Not all private equity firms are seeing a decline in the appeal of urban centers. Jon Lemelman, a partner with Riverside Partners in Boston, says the firm has no trouble hiring employees there. It often recruits from investment banking training programs and business schools. Because candidates tend to be young and single, they aren’t as concerned with costs of living. They want and expect to relocate to a big city, because that’s where the best jobs are, he says. “They have generally narrowed it down to Boston or New York City.”
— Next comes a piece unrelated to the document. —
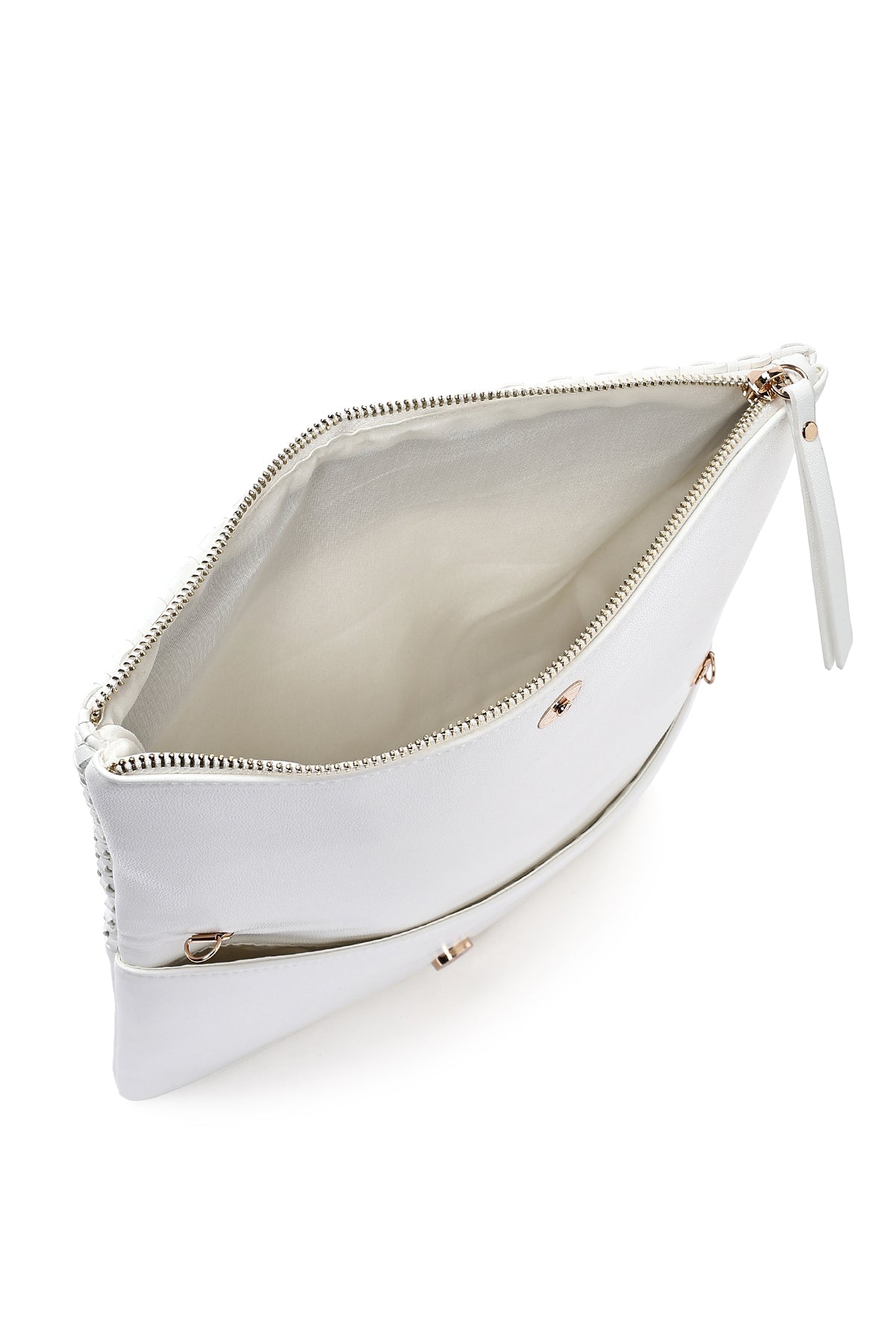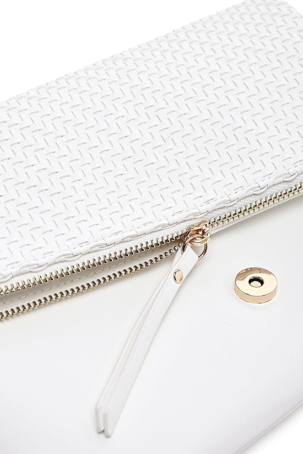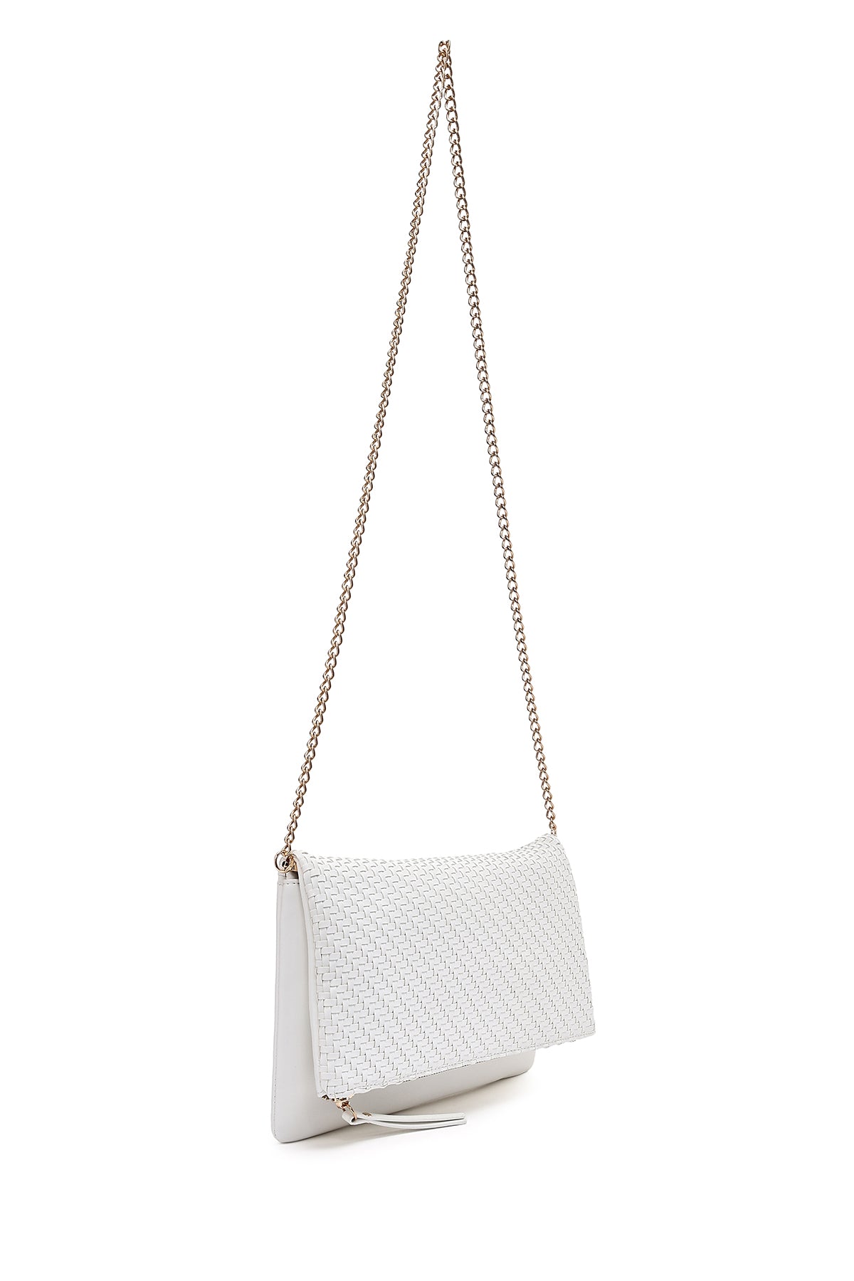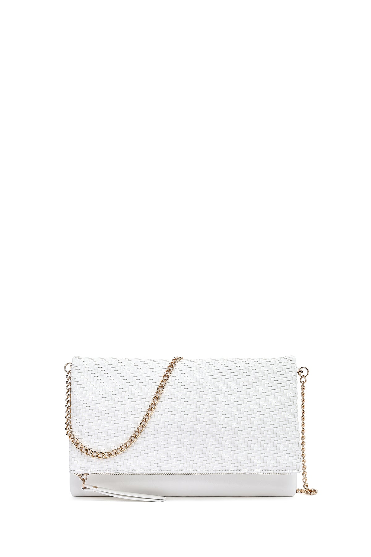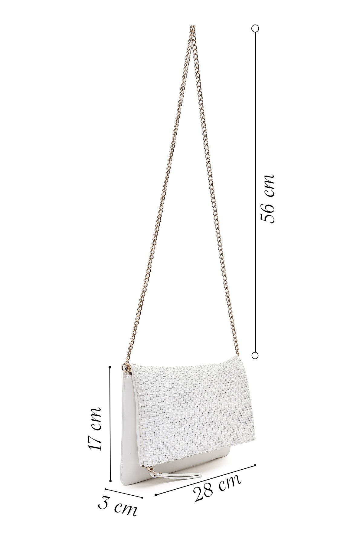 Kadın Beyaz Uzun Zincir Askılı Örgülü Portföy Çanta

As for hiring for portfolio companies, which are often in smaller metropolitan areas, Riverside often finds executive talent in major cities, and it can be a challenge convincing them to uproot their family and relocate to a smaller city, he says. “The cost of living for these people is less of a concern.”

WHAT’S OLD IS NEW AGAIN

Many older industrial cities have refurbished and reinvigorated their downtowns to become more attractive to businesses and job seekers. Detroit experienced a large influx of educated young adults: The 60 percent increase from 2012 to 2016 was the biggest gain in the country, according to City Observatory, a think tank. Detroit was followed by Hartford, Connecticut, which had a 58 percent increase, and Orlando, Florida, with an increase of 56 percent.

Detroit’s revival has been led by high-net-worth individuals as well as community development groups with deep-pocketed corporate members. Dan Gilbert, founder of Quicken Loans, moved his company’s headquarters to Detroit in 2010 and has invested billions in downtown properties. (Among his many businesses is private equity firm Rockbridge Growth Equity.) Former Microsoft CEO and Detroit native Steve Ballmer is giving millions of dollars in grants to various nonprofits in the city.

But Detroit’s appeal isn’t based solely on lower costs, says Dan Ellis, a director at Townsend Search Group, which recruits executives for midmarket private equity firms and their portfolio companies, with a specialty in finance and accounting. Its culture and the new job opportunities add to the city’s attractiveness. Detroit has Midwestern character, which appeals to people who grew up in the middle of the country, Ellis says. The pace can be less hectic, the commutes more convenient, and the work-life balance more sane.

As for opportunity, Detroit lost a lot of talent during the years following the financial crisis. (The city filed for bankruptcy in 2013.) As a result, demand for qualified employees has outstripped supply. That means there are plum jobs for so-called “up and comers”—job-seekers who in the past may have been considered too young for an executive position like CFO. Ellis looks for such people, who may be in their late 30s or early 40s with solid experience and good track records. “If you’re a millennial and you stayed in Detroit and rode it out, you’re in a really good position now,” he says.

For Detroit natives who have since moved away, Ellis conducts research to find their ties to the city and then reaches out to say, “Hey, how would you like to come home?”

Family often becomes more important as millennials marry and settle down, and that can be a draw for young professionals. “Maybe they just had their first child, and the grandparents are in Detroit,” he says.

Often candidates are excited about the resurgence of the city. “To be a part of that—it’s almost a different aspect of fulfillment,” Ellis adds. “It’s about being a part of something that’s bigger than yourself.”